The round saw participation from 360 ONE Asset, SBI Investment Co. Japan, Ronnie Screwvala, Peak XV Partners, and Kalaari Capital.
With the fresh capital, the company plans to expand beyond India and the United States, set up new manufacturing facilities for optical systems and satellites, and double its global research and development workforce over the next year.
Digantara is also preparing to launch 15 space surveillance satellites and two dedicated missile-warning satellites through 2026–27.
“Space is no longer a frontier; it is the new high ground for national security,” said Anirudh Sharma, founder and CEO of Digantara, in a statement.

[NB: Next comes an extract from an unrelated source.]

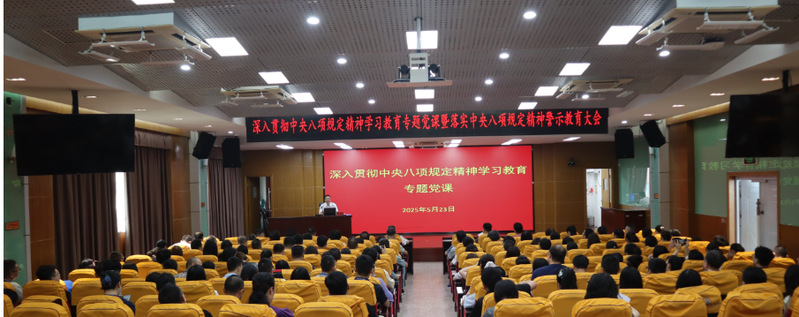 為從嚴從實推進深入貫徹中央八項規(guī)定精神學習教育,持之以恒糾“四風”樹新風,近日,學院召開深入貫徹中央八項規(guī)定精神學習教育警示教育大會。學院黨委委員、紀委書記謝建山為副科級以上及重點領域干部140余人作了題為“始終堅守紀律底線 持續(xù)筑牢廉潔防線”的講座。

He added that the funding would “accelerate our path to operational readiness, expand into the US and Europe, and drive new programmes in missile warning, tracking, and space-based interceptors.”
Founded in 2018 by Sharma, Rahul Rawat, and Tanveer Ahmed, Digantara began as a space situational awareness company and has since expanded into space-based surveillance and early warning systems. The company launched its first space surveillance satellite, SCOT (Space Camera for Object Tracking), in January this year, aboard SpaceX’s Transporter-12 mission, enabling space-to-space observation.
Sharma said the company’s evolution was driven by gaps in persistent visibility and early warning. “What started as space domain awareness naturally evolved into building a constellation of satellites and ground systems designed to see earlier, track continuously, and enable decisions where seconds matter,” he said in a LinkedIn post.
It has since secured defence contracts in India and the United States.
Karnataka’s minister for IT and biotechnology, Priyank Kharge, said in a LinkedIn post that the state’s space tech policy aims to support companies such as Digantara as they scale globally. He emphasised support through “infrastructure, manufacturing depth and long-term policy certainty, so more world-class space companies can scale from Karnataka to the world.”
Digantara currently operates across India, Singapore, and the United States, and plans to expand into Europe by mid-2026. The company added that recent orders and mission contracts from defence and commercial intelligence customers reflect growing demand for space-based surveillance capabilities.
Digantara’s integrated infrastructure, AIRA, combines space and ground-based sensors with data processing systems. Its portfolio includes the SCOT electro-optical and LiDAR satellites, the ALBATROSS missile-warning satellites, and the SKYGATE network of ground sensors.
Data from these systems feeds into its platforms, Space MAP and STARS, to support near real-time threat detection and response for government and defence agencies.